What ligaments exist in the liver
Falciform ligament - anterior fold of peritoneum
Ligamentum teres – umbilical vein foetal remnant
How are the lobes of the liver seperarated
Left and right lobes separated by the middle hepatic vein extending from left IVC to the gallbladder
Describe the inflow and outlow if hepatic blood
Inflow of blood – 25% arterial blood via hepatic artery – support demands of high metabolic activity of hepatocytes
75% mixed venous by portal vein – contains toxins, waste and nutrients for processing
Outflow via left, middle and right hepatic veins which join into the ICV and go towards heart directly
Describe the segmentation of liver components
8 Segments, 1 behind hepatic portal vein but in front of ICV, Left side consists of 234 in a clockwise projection and 5678 on right side
Describe the structure of a hepatic lobule
Hepatic lobule Hexagonal structural unit of liver tissue Each corner consists of a portal triad Links with 3x adjacent lobules Centre of liver lobule is a central vein ' Collects blood from hepatic sinusoids hepatic veins systemic venous system ' Within lobule rows of hepatocytes Each has sinusoid-facing side & bile canaliculi- facing side
Describe the structure of a portal triad
Portal triad
Branch of hepatic artery
Brings Oz-rich blood into liver to support hepatocytes
energy demands
Branch of portal vein
Mixed venous blood from GIT (nutrients, bacteria &
toxins) and spleen (waste products)
Hepatocytes process nutrients, detoxify blood & excrete
waste
• Bile duct
Bile produced by hepatocytes drains into bile canaliculi
Coalesce with cholengeocyte-lined bile ducts around
lobule perimeter
Describe the structure of a hepatic acinus
Hepatic acinus Functional unit of liver
Hard to define anatomically cf hepatic lobule
Consists of two adjacent 1/6th hepatic lobules
Share 2x portal triads
Extend into hepatic lobules as far as central vein
Why is the acinus important?
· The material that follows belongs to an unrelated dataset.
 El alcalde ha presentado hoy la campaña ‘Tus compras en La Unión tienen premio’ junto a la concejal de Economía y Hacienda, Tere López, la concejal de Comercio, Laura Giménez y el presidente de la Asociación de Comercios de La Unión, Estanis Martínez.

Explain answer
Allows for the Three zone model
Blood into hepatic acinus via Point A (portal triad)
Blood drains out of hepatic acinus via Point B (central vein)
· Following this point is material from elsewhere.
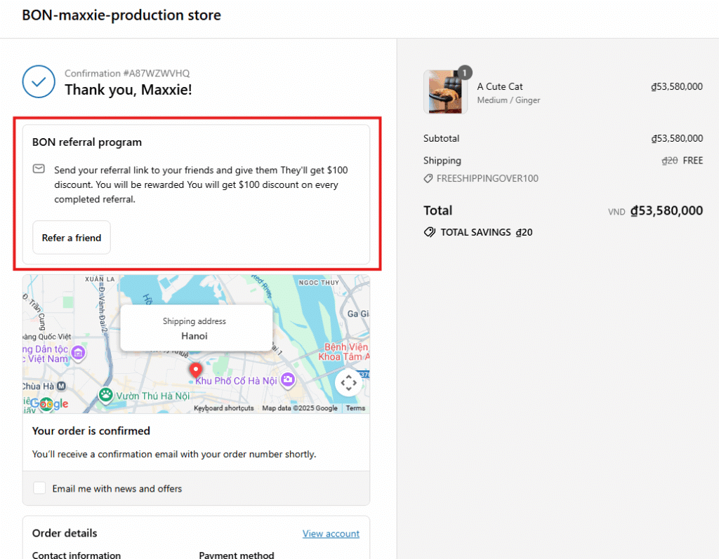 Here’s what the bon-referral-program-extension appears on the actual Thank You page.

Hepatocytes near outer hepatic lobule(zone 1) receive early exposure to blood contents:
Good components (O2)
Bad components (toxins)
Acinus split into 3x regions
Zone 1 – O2 ↑, Toxin risk ↑
Zone 2 – O2 →, Toxin risk →
Zone 3 – O2 ↓, Toxin risk ↓
Sinusoidal endothelial cells
Sinusoidal endothelial cells
No basement membrane
Fenestrated (discontinuous endothelium)
Allow lipids & large molecule movement to and from hepatocytes
Kuppfer cells
Kuppfer cells Sinusoidal macrophage cells Attached to endothelial cells Phagocystosis Eliminate & detoxify substances arriving in liver from portal circulation
Hepatic stellate cells
Hepatic stellate cells
(Ito; perisinusoidal)
Exist in dormant state
Store vit A in liver cytosolic droplets
Activated (fibroblasts) in response to liver damage
Proliferate, chemotactic & deposit collagen in ECM
Hepatocyte
Hepatocyte
80% of liver mass
Cubical
Synthesis e.g. albumin, clotting factors & bile salts
Drug metabolism
Receive nutrients & building blocks from sinusoids
Cholangiocyte
Cholangiocyte
Secrete HCO3- & H2O into bile
Functions of hepatocytes
Numerous functions including:
Metabolic & catabolic functions: synthesis & utilization of carbohydrates, lipids and proteins.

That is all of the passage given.